• [Task brief] Reproduce the listing below exactly, beginning with its first line and ending with the line that holds "Навчіться з'єднувальним лініям.пропис"; pictures are not part of the copy.

• [Collected data]
____________________
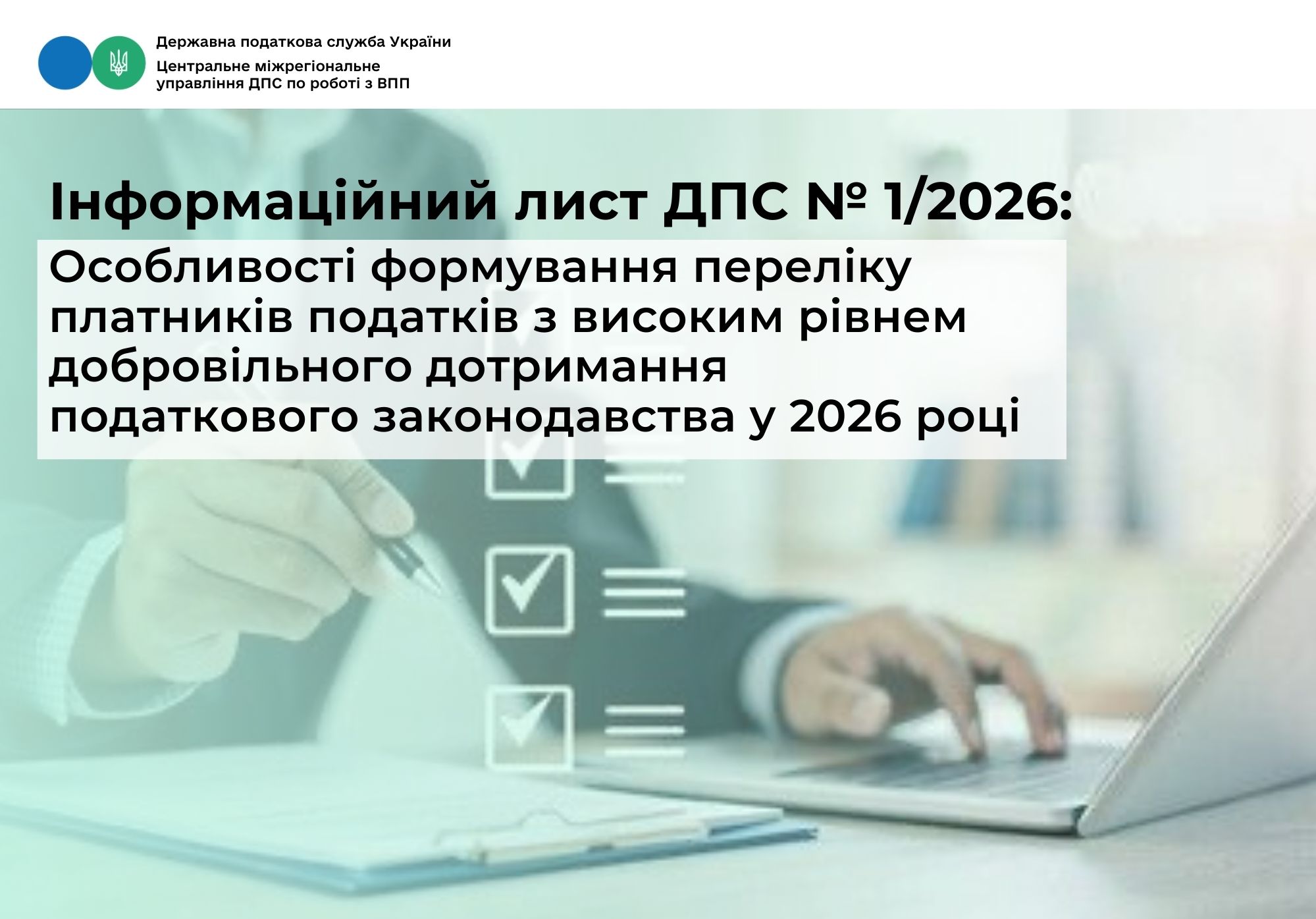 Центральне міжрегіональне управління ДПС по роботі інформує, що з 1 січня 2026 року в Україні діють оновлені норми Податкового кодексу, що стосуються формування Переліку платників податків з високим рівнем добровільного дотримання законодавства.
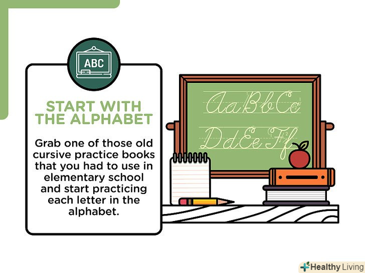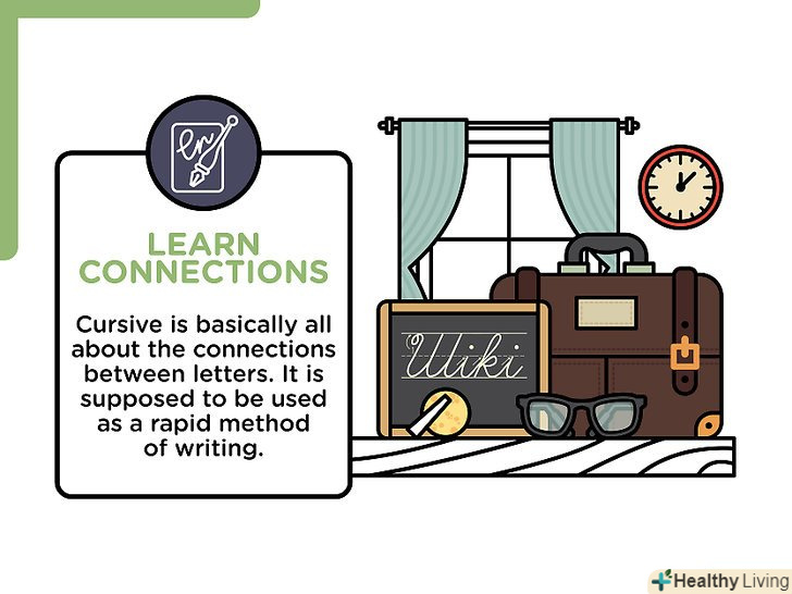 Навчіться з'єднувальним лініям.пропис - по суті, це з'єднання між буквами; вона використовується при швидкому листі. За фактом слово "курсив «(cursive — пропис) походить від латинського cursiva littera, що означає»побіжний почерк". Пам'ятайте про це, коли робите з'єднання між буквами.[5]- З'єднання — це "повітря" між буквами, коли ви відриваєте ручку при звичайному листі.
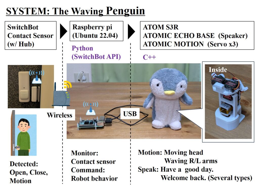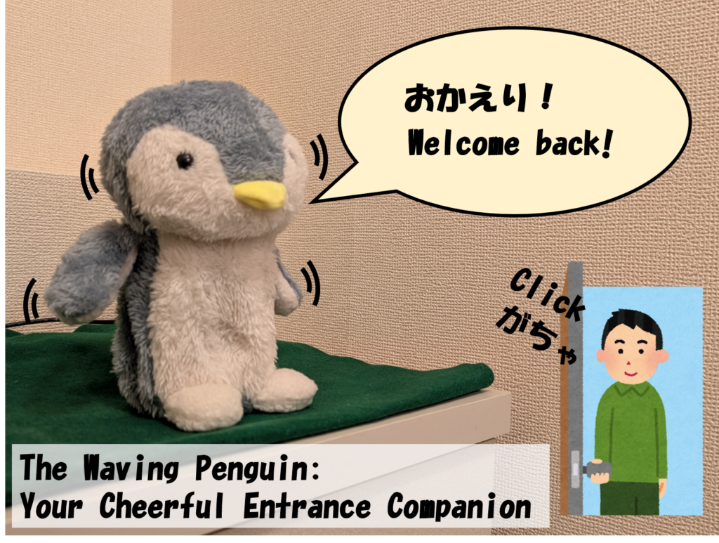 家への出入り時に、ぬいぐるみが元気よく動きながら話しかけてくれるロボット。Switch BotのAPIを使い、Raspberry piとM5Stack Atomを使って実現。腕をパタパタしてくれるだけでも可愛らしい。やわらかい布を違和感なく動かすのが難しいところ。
____________________
• [Exercise output]
 Центральне міжрегіональне управління ДПС по роботі інформує, що з 1 січня 2026 року в Україні діють оновлені норми Податкового кодексу, що стосуються формування Переліку платників податків з високим рівнем добровільного дотримання законодавства.
 Навчіться з'єднувальним лініям.пропис - по суті, це з'єднання між буквами; вона використовується при швидкому листі. За фактом слово "курсив «(cursive — пропис) походить від латинського cursiva littera, що означає»побіжний почерк". Пам'ятайте про це, коли робите з'єднання між буквами.[5]- З'єднання — це "повітря" між буквами, коли ви відриваєте ручку при звичайному листі.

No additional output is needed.